Why does the license-plate/barber-pole image test matter for judging Claude 3’s intelligence?
What pattern emerges when prompts shift from OCR/extraction to math and logic?
How do refusal rates and jailbreak resistance differ across models in the examples given?
What inconsistency about racial identity content is flagged, and why is it significant?
What does the GPQA “Diamond” benchmark claim, and why is it treated as a headline result?
How does Claude 3’s long-context capability and instruction-following show up in the transcript?
Review Questions
- In the van/barber-pole example, which parts of the task Claude 3 handles well (and which does it still miss), and what does that imply about OCR vs scene understanding?
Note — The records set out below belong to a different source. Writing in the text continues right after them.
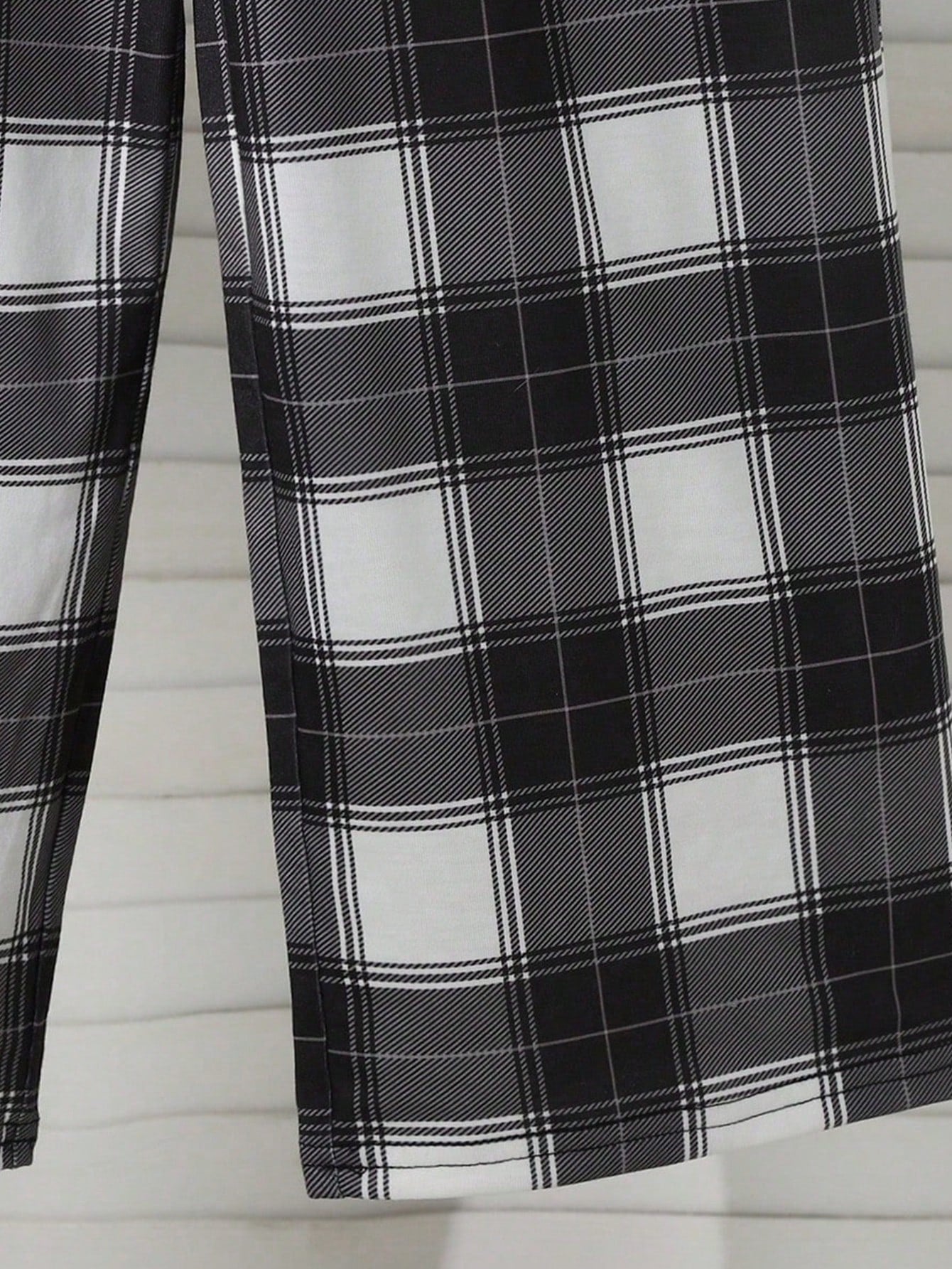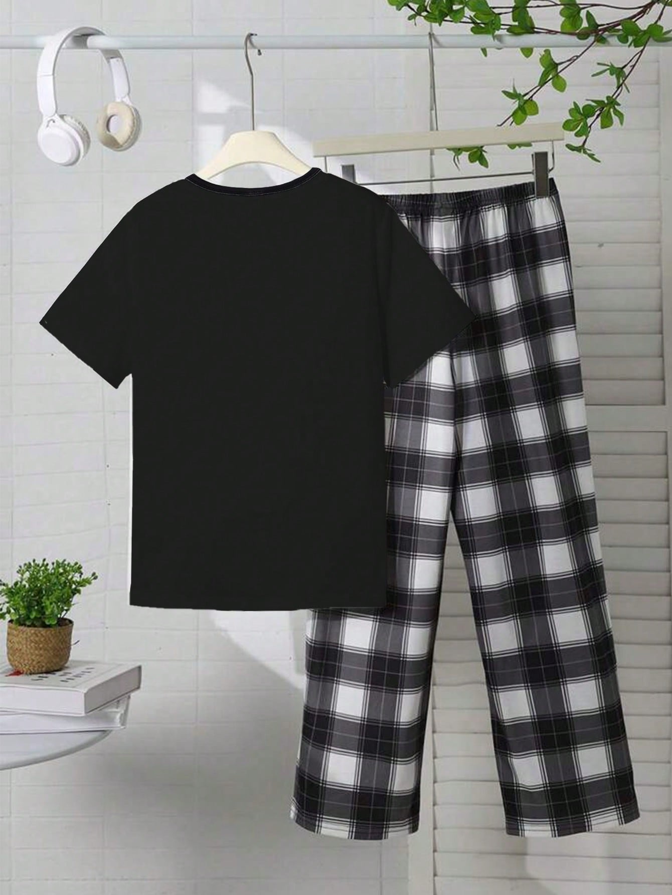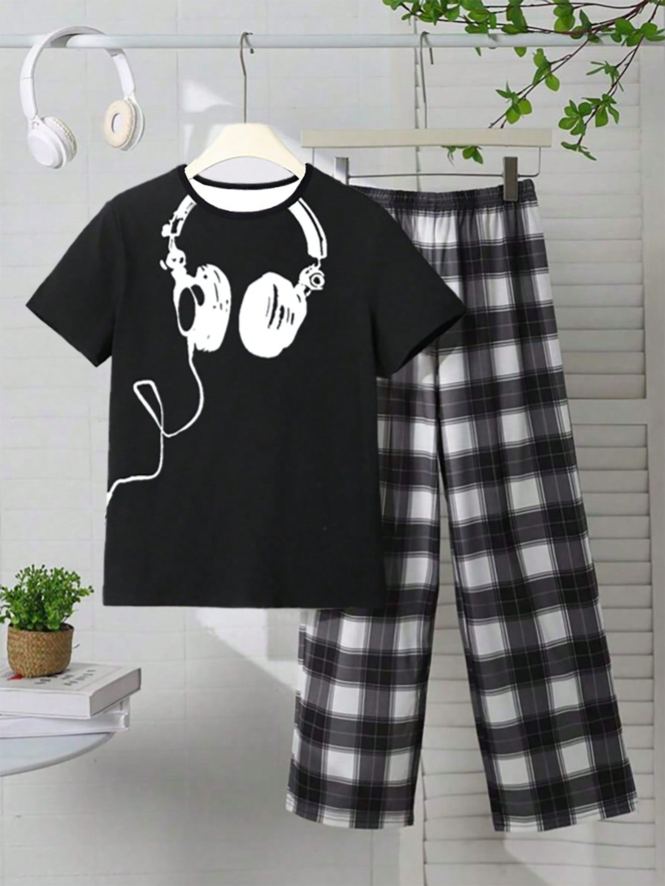 kids Tween Boys Headphone Print Knit Crew Neck Top And Plaid Pattern Pants 2Pcs Short Sleeve Casual Loungewear Set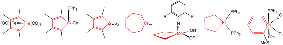Metalocykly jsou obvykle cyklické sloučeniny s dvěma vazbami uhlík-kov.[4]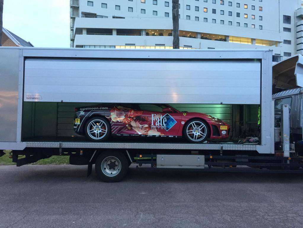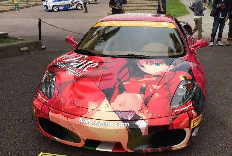 Livery itasha yang terdapat pada mobil Ferrari F430 ini (model mobil yang pertama kali dirilis di tahun 2004, bersamaan dengan tahun perilisan novel visual Fate/stay night) dihadirkan oleh PlusOne, salah satu toko pernik anime. Selain itu, mobil ini juga ditandatangani oleh Takashi Takeuchi, ilustrator yang mengerjakan ilustrasi di novel visual Fate/stay night. Tak hanya oleh cosplayer Rin dan Saber, dua pengisi suara dari seri Fate/stay night, yaitu Junichi Suwabe (Archer) dan Kana Ueda (Rin) juga turut hadir.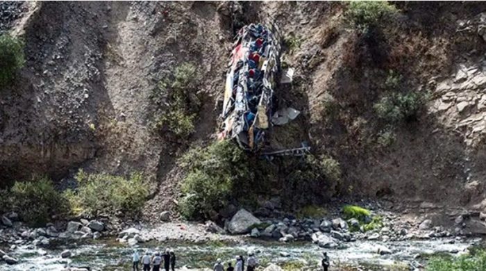 আন্তর্জাতিক ডেস্ক : পেরুর রাজধানী লিমার কাছে একটি যাত্রীবাহী বাস গভীর খাদে পড়ে দুই শিশুসহ অন্তত ৩২ জন প্রাণ হারিয়েছেন। আহত হয়েছেন আরও কয়েক ডজন মানুষ। এটি দক্ষিণ আমেরিকার দেশটিতে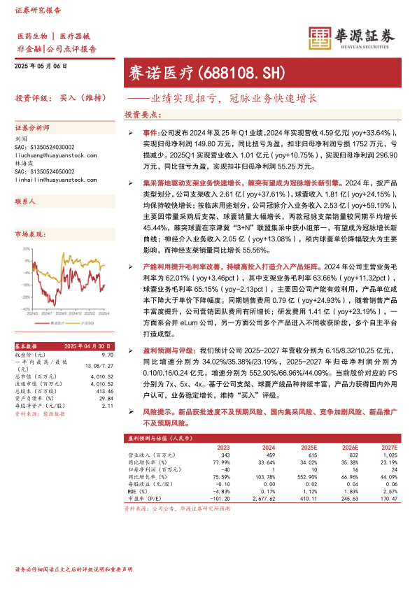 本报告分析了赛诺医疗2024年及2025年Q1的业绩表现,指出公司在集采政策的推动下,冠脉支架业务快速增长,并实现扭亏为盈。同时,公司通过提升产能利用率改善毛利率,并持续投入研发,为未来的发展奠定基础。报告维持对赛诺医疗“买入”的投资评级,并提示了相关风险。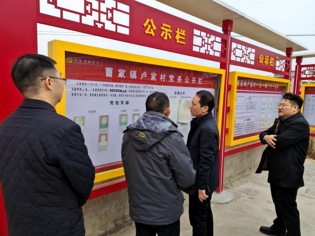 葛旭華一行到盧家村后,仔細(xì)查看了黨務(wù)公開(kāi)欄,認(rèn)真聽(tīng)取了駐村第一書(shū)記的工作匯報(bào),對(duì)駐村第一書(shū)記在村開(kāi)展的工作給予充分肯定,對(duì)盧家村2024年10月30日完成軟弱渙散村摘牌脫帽給予表?yè)P(yáng),同時(shí)指出了工作中存在的短板和弱項(xiàng),希望再接再厲,補(bǔ)短板、強(qiáng)弱項(xiàng),并就下一步黨組織建設(shè)工作提出了具體意見(jiàn)。

- When prompts require deeper reasoning, what specific failure mode is described for Claude 3 compared with simpler extraction tasks?
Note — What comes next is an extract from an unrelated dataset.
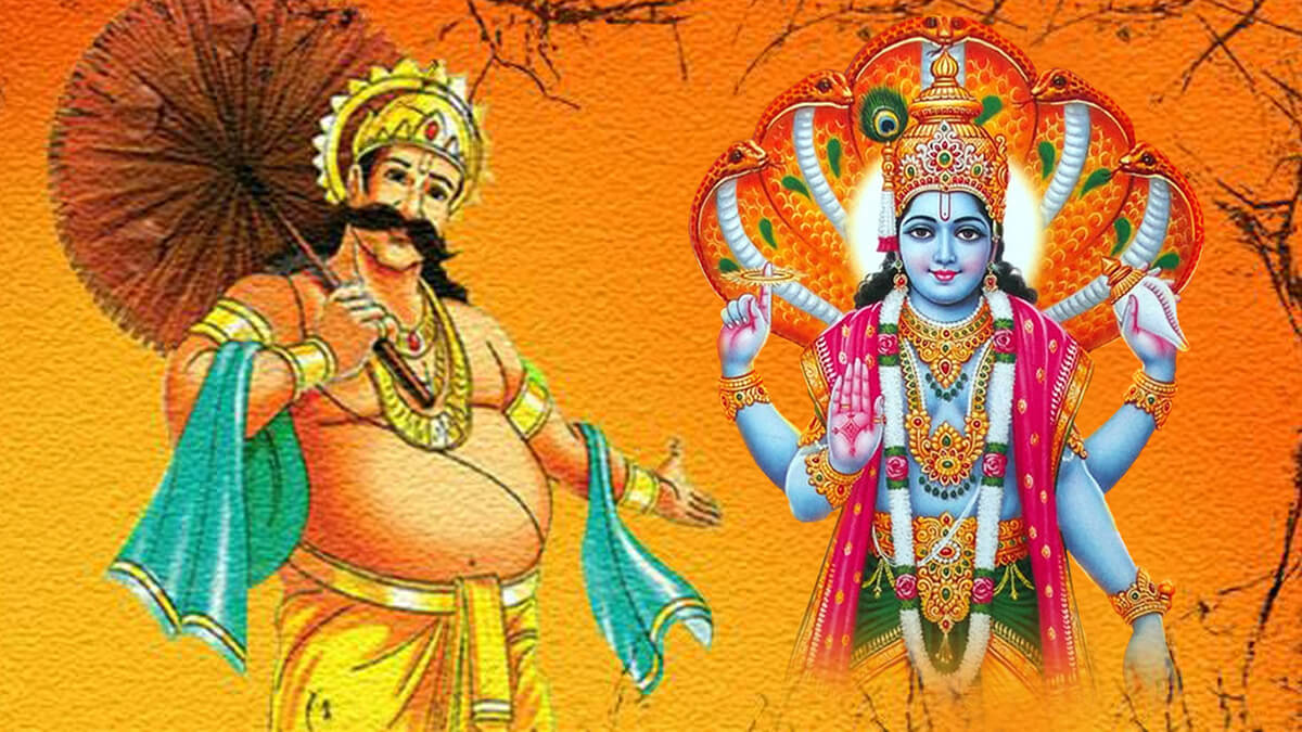 മഹാവിഷ്ണു ഭക്തനായിരുന്ന, നരസിംഹാവതാരത്തിന് കാരണക്കാരനായ അസുര രാജാവ് പ്രഹ്ളാദന്റെ പൗത്രനാണ് മഹാബലി. സത്യധർമ്മാദികൾ പരിപാലിച്ചു പോന്ന മഹാബലി ഭൂമിയും സ്വർഗ്ഗവും കീഴടക്കി മൂന്നു ലോകത്തിന്റെയും അധിപനായി. ബലിയുടെ ഭരണകാലം ഭൂമിയിലെ ഏറ്റവും നല്ല കാലമായി; പരസ്പരം സ്നേഹിച്ചും വിശ്വസിച്ചും അദ്ധ്വാനിച്ചും മനുഷ്യർ ജീവിച്ചു. അസുരരാജാവായ മഹാബലി പാതാളമാണ് ഭരിക്കേണ്ടത്. അദ്ദേഹം സ്വർഗ്ഗവും ഭൂമിയും ആക്രമിച്ച് കീഴടക്കിയത് ധർമ്മ ലംഘനമാണെന്ന പരാതിയുമായി ഇന്ദ്രനും കൂട്ടരും മഹാവിഷ്ണുവിനെ സമീപിച്ചു. ബലിയെ ഉത്ബോധിപ്പിക്കേണ്ടത് കടമയാണെന്ന് വിഷ്ണുവിന് തോന്നി. ഇതിനുമുൻപേ ദൈത്യർ ദേവന്മരെ ദ്രോഹിക്കുന്ന കാര്യം ദേവമാതാവ് അദിതി ഭർത്താവിനോട് പരാതിപ്പെട്ടു. കശ്യപന്റെ നിർദ്ദേശം സ്വീകരിച്ച് അദിതി മഹാവിഷ്ണുവിനെ പ്രീതിപ്പെടുത്താൻ പയോവ്രതം നോറ്റു. വ്രതാവസാനം മഹാവിഷ്ണു പ്രത്യക്ഷപ്പെട്ട് അദിതിയുടെ ഗർഭത്തിൽ കടന്ന് പുത്രനായി ജനിച്ച് ദേവകളെ രക്ഷിക്കാം എന്ന് വരം നൽകി. അദിതി ഗർഭിണിയായി, ഭാദ്രപദത്തിൽ തിരുവോണം നക്ഷത്രം ദിവസം വാമനൻ അവതരിച്ചു. ജനന നേരം ചതുർബാഹു ആയിരുന്ന ശിശു മാതാപിതാക്കൾ നോക്കിനിൽക്കേ രൂപാന്തരം പ്രാപിച്ച് ശിശുവായ വാമനനായി. ദേവകൾ ശിശുവിന് ഉപഹാരങ്ങൾ നൽകി ശക്തനാക്കി. സൂര്യൻ സാവിത്രിമന്ത്രം ഉപദേശിച്ചു. ബൃഹസ്പതി ഉപവീതമേകി. കശ്യപൻ അരഞ്ഞാണവും ആകാശം ഛത്രത്തെയും ഭൂമി കൃഷ്ണാജിനത്തെയും വനസ്പതിയായ സോമൻ ദണ്ഡത്തെയും അദിതി കൗപീനത്തെയും സപ്തർഷികൾ കുശപ്പുല്ലിനെയും ബ്രഹ്മാവ് കമണ്ഡലവും സരസ്വതി അക്ഷമാലയും കുബേരൻ പാത്രികയെയും സമ്മാനിച്ചു. മഹാബലി അപ്പോൾ ഒരു അശ്വമേധം നടത്തി അതിന്റെ പരിസമാപ്തിയുടെ ഭാഗമായി ഒരു മഹായാഗത്തിന് ഒരുങ്ങുകയായിരുന്നു. അപ്പോഴാണ് ഛത്രം, ദണ്ഡം, കമണ്ഡലു എന്നിവ ധരിച്ച് തേജോരൂപിയായ വാമനൻ കടന്നു വന്നത്. വാമനനെ സ്വാഗതം ചെയ്ത് വണങ്ങിയ ബലി എന്ത് ദാനമാണ് വേണ്ടതെന്ന് ചോദിച്ചു. തനിക്ക് മൂന്ന് ചുവട് വയ്ക്കാൻ സ്ഥലം ദാനം വേണമെന്ന് വാമനൻ പറഞ്ഞു. അസുരഗുരു ശുക്രാചാര്യൻ അപകടം മണത്തു. പാടില്ല എന്ന ഉപദേശം മാനിക്കാതെ മഹാബലി ദാനത്തിന് സമ്മതിച്ചു.

- What makes GPQA “Diamond” different from typical benchmark sets, and how does Claude 3’s reported performance compare to human expert ranges?
Key Points
- 1
Claude 3 Opus shows strong OCR and image-based extraction, correctly reading a van’s license plate more reliably than GPT-4 and Gemini 1.5 Pro.
- 2
All three models in the image test miss a subtle weather detail, suggesting OCR strength doesn’t guarantee accurate real-world inference.
- 3
Claude 3’s advantage shrinks on tasks that require complex mathematical or multi-step logical reasoning rather than straightforward data extraction.
- 4
Anthropic markets Claude 3 for enterprise use—revenue-generating apps, financial forecasting, and faster R&D—while the transcript’s tests emphasize both strengths (charts/coding/multilingual) and gaps (advanced logic).
- 5
Claude 3 appears to refuse less often in certain borderline creative prompts and is described as harder to jailbreak, but it shows inconsistent behavior on racial pride statements.
- 6
Benchmark reporting places Claude 3 ahead across many categories, with a standout lead on GPQA “Diamond,” a graduate-level, cross-domain difficult question set.
- 7
Claude 3 can handle very long inputs (200,000 tokens at launch, with claims of >1 million), but it still makes basic numerical mistakes like incorrect rounding.